* [WORK ORDER]
Pictures appear among the records below and must be omitted. Repeat exactly the lines from the line with "Inno-Hit GT-10C is" to the line with "Enriched Rice (Iron", both included.

*** DATA PROVIDED Section Begins ***

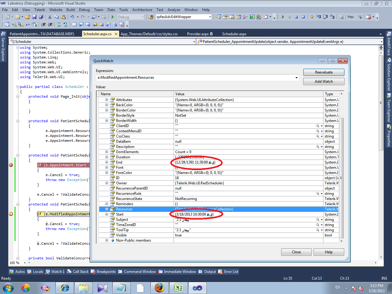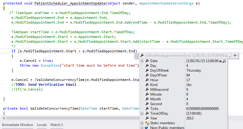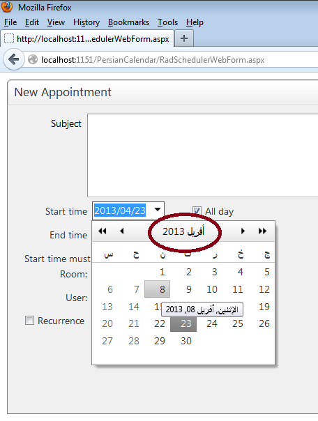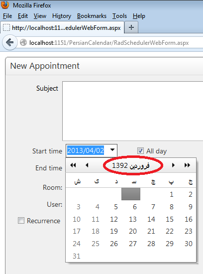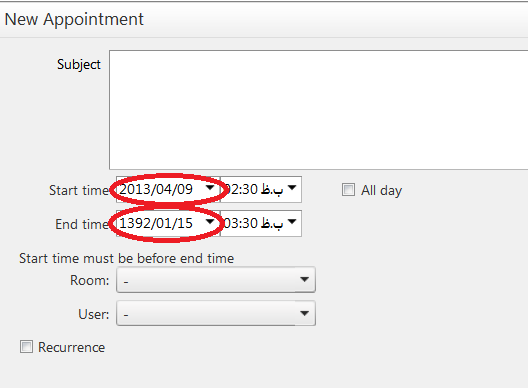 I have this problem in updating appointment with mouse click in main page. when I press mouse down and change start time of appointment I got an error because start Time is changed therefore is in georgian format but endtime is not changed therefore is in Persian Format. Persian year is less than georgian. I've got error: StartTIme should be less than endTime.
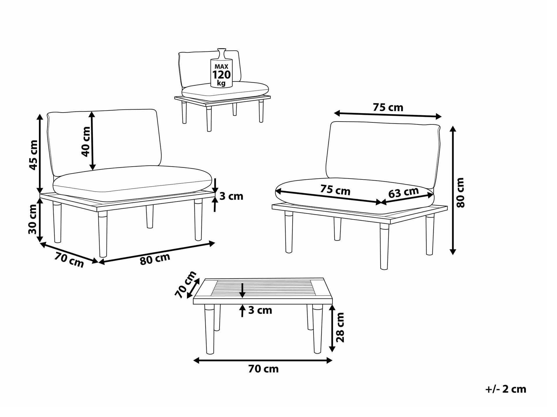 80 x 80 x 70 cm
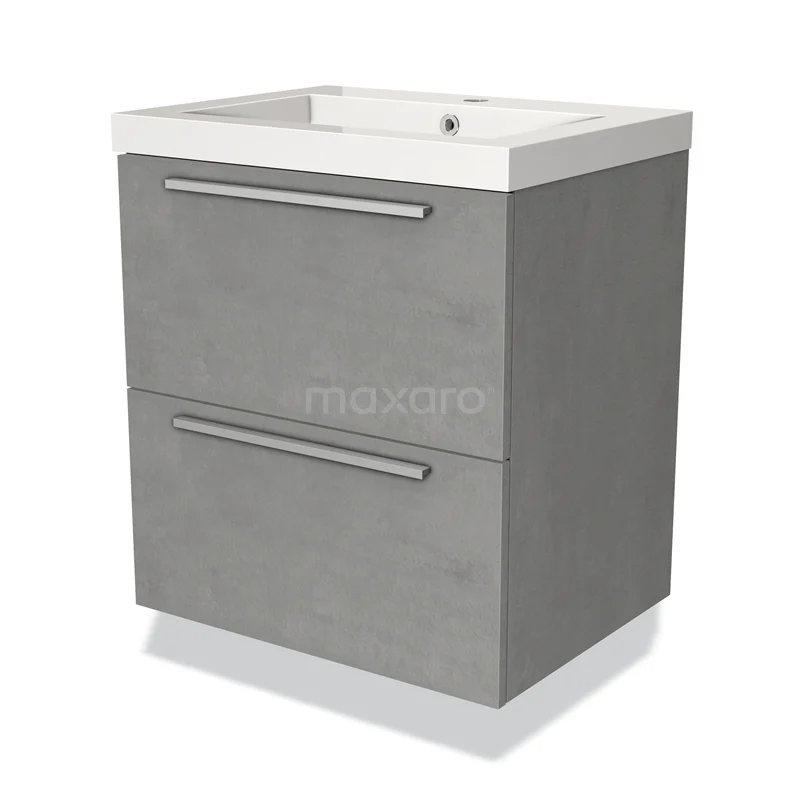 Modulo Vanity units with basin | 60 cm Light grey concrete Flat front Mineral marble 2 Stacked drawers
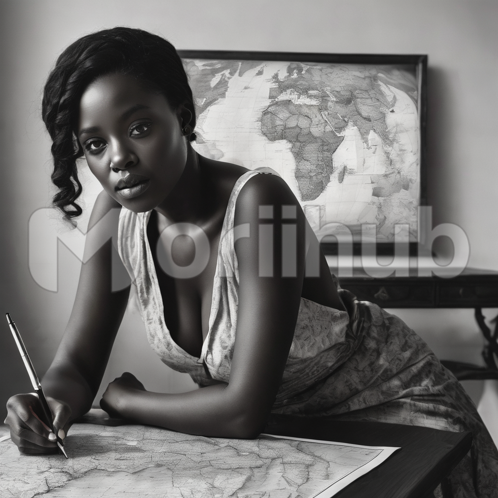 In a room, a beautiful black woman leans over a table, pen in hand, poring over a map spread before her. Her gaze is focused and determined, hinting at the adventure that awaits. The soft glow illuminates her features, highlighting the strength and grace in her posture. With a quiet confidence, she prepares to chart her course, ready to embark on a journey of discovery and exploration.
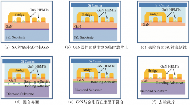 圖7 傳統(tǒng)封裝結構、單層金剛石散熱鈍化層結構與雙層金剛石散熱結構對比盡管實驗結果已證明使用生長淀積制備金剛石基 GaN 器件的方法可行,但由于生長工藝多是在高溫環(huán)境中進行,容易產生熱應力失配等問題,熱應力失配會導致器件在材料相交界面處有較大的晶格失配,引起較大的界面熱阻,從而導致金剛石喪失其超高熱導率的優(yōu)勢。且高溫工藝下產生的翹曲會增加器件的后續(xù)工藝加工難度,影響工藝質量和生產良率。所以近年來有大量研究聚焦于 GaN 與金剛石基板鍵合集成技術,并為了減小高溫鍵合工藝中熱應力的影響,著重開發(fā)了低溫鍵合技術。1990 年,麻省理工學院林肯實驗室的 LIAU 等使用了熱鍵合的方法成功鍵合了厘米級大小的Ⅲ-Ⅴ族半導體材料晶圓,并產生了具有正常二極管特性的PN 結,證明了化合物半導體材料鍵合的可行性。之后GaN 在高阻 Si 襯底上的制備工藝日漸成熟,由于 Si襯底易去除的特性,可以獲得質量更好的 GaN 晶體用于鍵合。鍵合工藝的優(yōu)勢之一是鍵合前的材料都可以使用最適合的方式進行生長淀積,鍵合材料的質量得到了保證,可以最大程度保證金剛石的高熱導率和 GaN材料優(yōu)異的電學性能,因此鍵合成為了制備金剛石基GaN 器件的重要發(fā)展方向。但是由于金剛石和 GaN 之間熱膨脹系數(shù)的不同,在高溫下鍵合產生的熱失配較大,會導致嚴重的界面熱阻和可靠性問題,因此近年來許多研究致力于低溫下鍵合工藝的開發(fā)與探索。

*** DATA PROVIDED Section Ends ***
*** DATA PROVIDED Section Begins ***

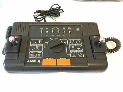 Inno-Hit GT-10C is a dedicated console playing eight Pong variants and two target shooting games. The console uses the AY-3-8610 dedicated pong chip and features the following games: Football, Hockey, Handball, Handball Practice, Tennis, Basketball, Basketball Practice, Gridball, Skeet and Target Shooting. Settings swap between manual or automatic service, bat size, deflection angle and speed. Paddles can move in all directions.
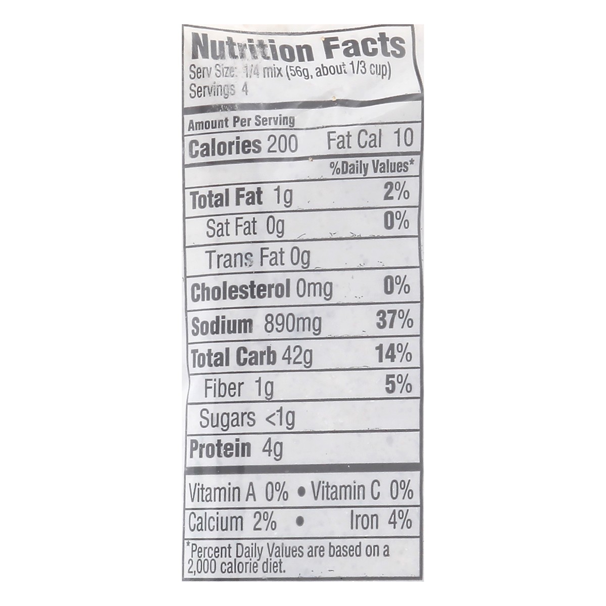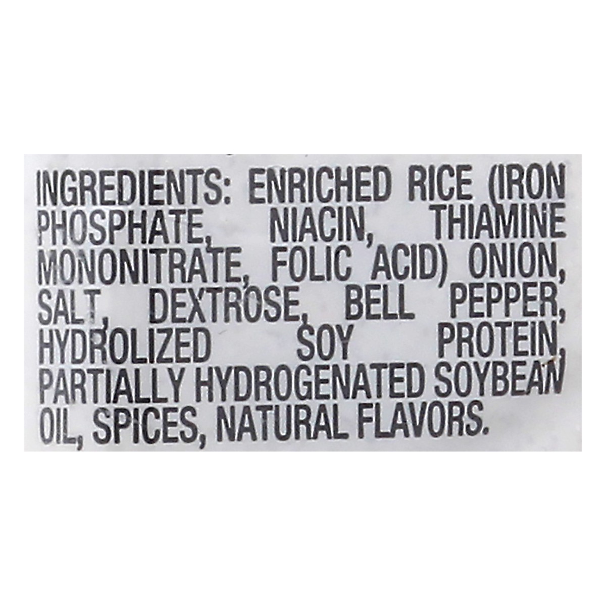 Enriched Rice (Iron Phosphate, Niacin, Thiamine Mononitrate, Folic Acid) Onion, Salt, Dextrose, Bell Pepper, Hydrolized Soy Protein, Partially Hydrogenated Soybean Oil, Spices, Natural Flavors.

*** DATA PROVIDED Section Ends ***
*** DATA PROVIDED Section Begins ***

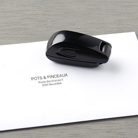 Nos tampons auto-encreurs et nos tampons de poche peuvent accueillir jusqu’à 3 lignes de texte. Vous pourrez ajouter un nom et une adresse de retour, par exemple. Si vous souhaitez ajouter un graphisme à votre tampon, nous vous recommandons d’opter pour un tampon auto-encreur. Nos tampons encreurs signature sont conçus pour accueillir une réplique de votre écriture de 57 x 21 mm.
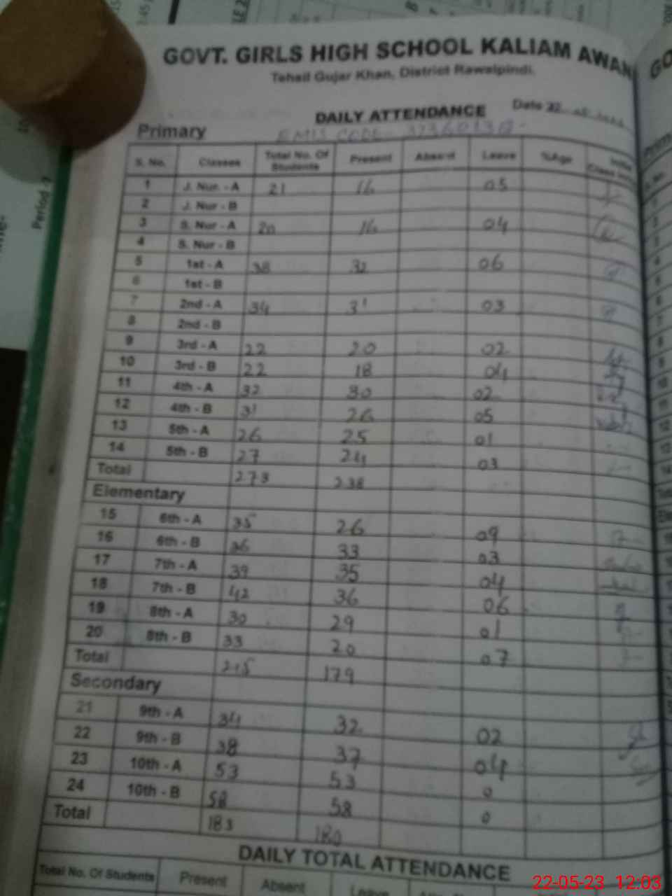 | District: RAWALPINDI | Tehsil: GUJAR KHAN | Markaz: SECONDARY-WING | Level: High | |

*** DATA PROVIDED Section Ends ***

* [EXERCISE OUTPUT]
 Inno-Hit GT-10C is a dedicated console playing eight Pong variants and two target shooting games. The console uses the AY-3-8610 dedicated pong chip and features the following games: Football, Hockey, Handball, Handball Practice, Tennis, Basketball, Basketball Practice, Gridball, Skeet and Target Shooting. Settings swap between manual or automatic service, bat size, deflection angle and speed. Paddles can move in all directions.
 Enriched Rice (Iron Phosphate, Niacin, Thiamine Mononitrate, Folic Acid) Onion, Salt, Dextrose, Bell Pepper, Hydrolized Soy Protein, Partially Hydrogenated Soybean Oil, Spices, Natural Flavors.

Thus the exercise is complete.